Items listed in a dataset:
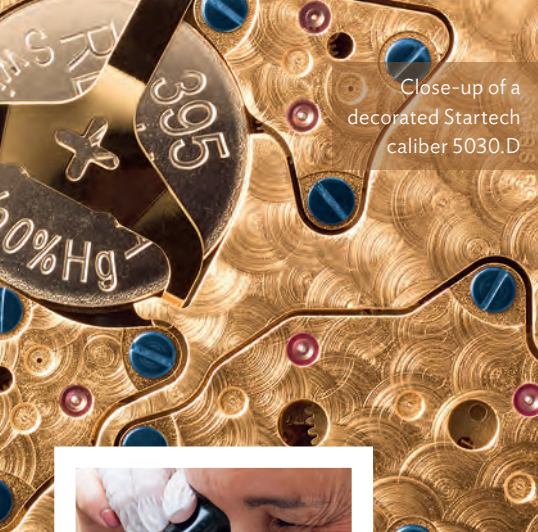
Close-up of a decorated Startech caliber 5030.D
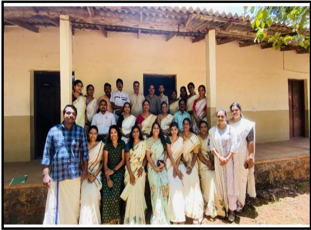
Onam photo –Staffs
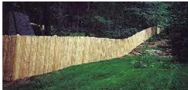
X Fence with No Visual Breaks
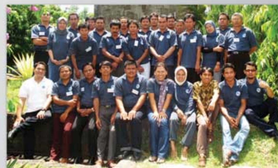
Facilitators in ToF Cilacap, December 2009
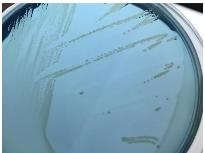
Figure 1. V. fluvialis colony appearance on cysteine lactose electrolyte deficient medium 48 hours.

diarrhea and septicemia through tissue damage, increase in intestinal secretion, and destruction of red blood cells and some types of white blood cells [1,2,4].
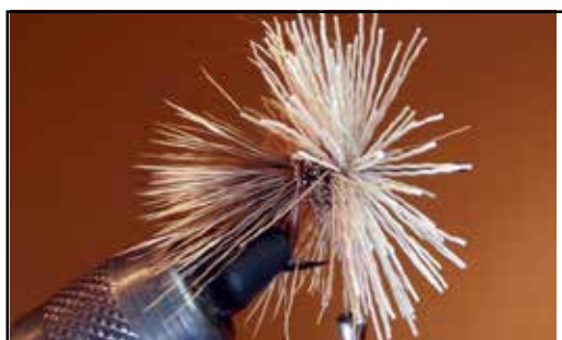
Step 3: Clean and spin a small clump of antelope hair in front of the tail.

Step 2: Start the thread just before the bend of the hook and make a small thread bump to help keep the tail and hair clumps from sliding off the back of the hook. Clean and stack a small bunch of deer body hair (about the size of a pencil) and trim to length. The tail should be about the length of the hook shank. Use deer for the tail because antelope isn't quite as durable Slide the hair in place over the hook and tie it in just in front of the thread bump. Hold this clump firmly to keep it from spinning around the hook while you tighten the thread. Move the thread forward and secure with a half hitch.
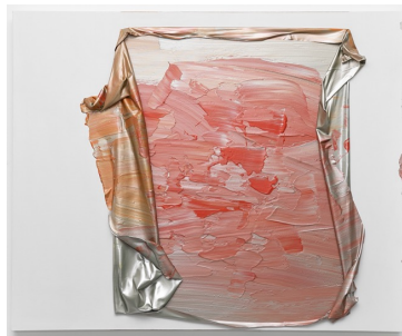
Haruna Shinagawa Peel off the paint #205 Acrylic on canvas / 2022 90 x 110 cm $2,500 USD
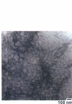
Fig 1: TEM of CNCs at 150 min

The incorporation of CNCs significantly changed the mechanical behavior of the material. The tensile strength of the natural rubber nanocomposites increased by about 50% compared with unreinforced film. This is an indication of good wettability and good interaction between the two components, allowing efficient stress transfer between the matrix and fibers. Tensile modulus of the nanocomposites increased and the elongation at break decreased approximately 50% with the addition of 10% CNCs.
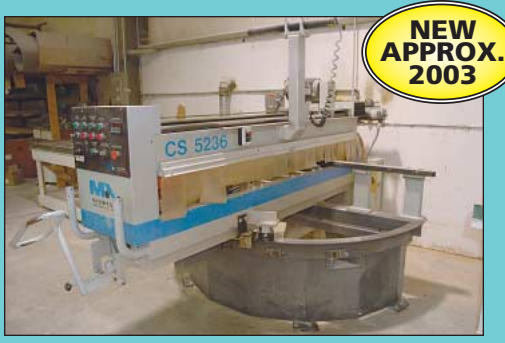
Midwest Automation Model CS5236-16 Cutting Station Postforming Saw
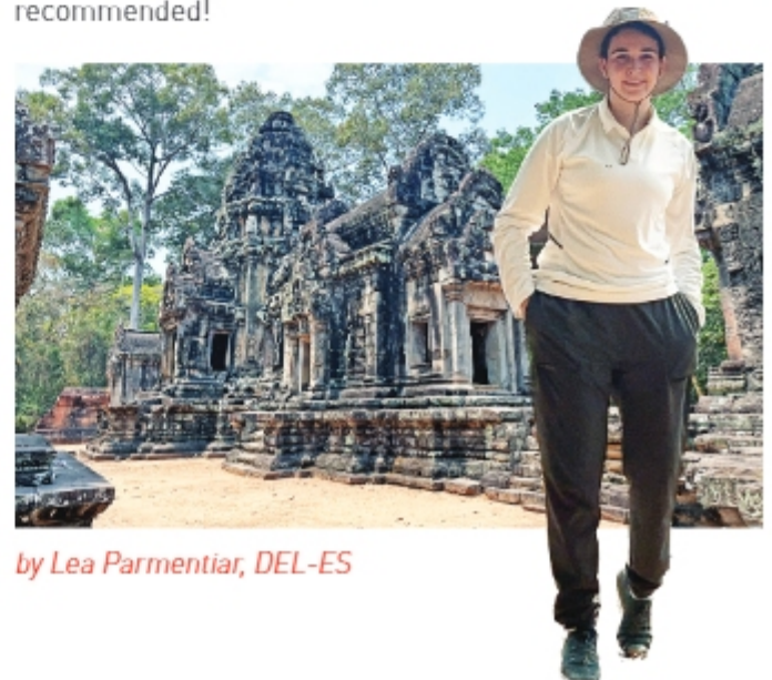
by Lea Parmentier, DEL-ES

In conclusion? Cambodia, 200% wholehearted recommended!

#### [Task to complete]
Each record needs to be reproduced exactly, and no image should be carried over.

#### [Exercise answer]
Close-up of a decorated Startech caliber 5030.D
Onam photo –Staffs
X Fence with No Visual Breaks
Facilitators in ToF Cilacap, December 2009
Figure 1. V. fluvialis colony appearance on cysteine lactose electrolyte deficient medium 48 hours.

diarrhea and septicemia through tissue damage, increase in intestinal secretion, and destruction of red blood cells and some types of white blood cells [1,2,4].
Step 3: Clean and spin a small clump of antelope hair in front of the tail.

Step 2: Start the thread just before the bend of the hook and make a small thread bump to help keep the tail and hair clumps from sliding off the back of the hook. Clean and stack a small bunch of deer body hair (about the size of a pencil) and trim to length. The tail should be about the length of the hook shank. Use deer for the tail because antelope isn't quite as durable Slide the hair in place over the hook and tie it in just in front of the thread bump. Hold this clump firmly to keep it from spinning around the hook while you tighten the thread. Move the thread forward and secure with a half hitch.
Haruna Shinagawa Peel off the paint #205 Acrylic on canvas / 2022 90 x 110 cm $2,500 USD
Fig 1: TEM of CNCs at 150 min

The incorporation of CNCs significantly changed the mechanical behavior of the material. The tensile strength of the natural rubber nanocomposites increased by about 50% compared with unreinforced film. This is an indication of good wettability and good interaction between the two components, allowing efficient stress transfer between the matrix and fibers. Tensile modulus of the nanocomposites increased and the elongation at break decreased approximately 50% with the addition of 10% CNCs.
Midwest Automation Model CS5236-16 Cutting Station Postforming Saw
by Lea Parmentier, DEL-ES

In conclusion? Cambodia, 200% wholehearted recommended!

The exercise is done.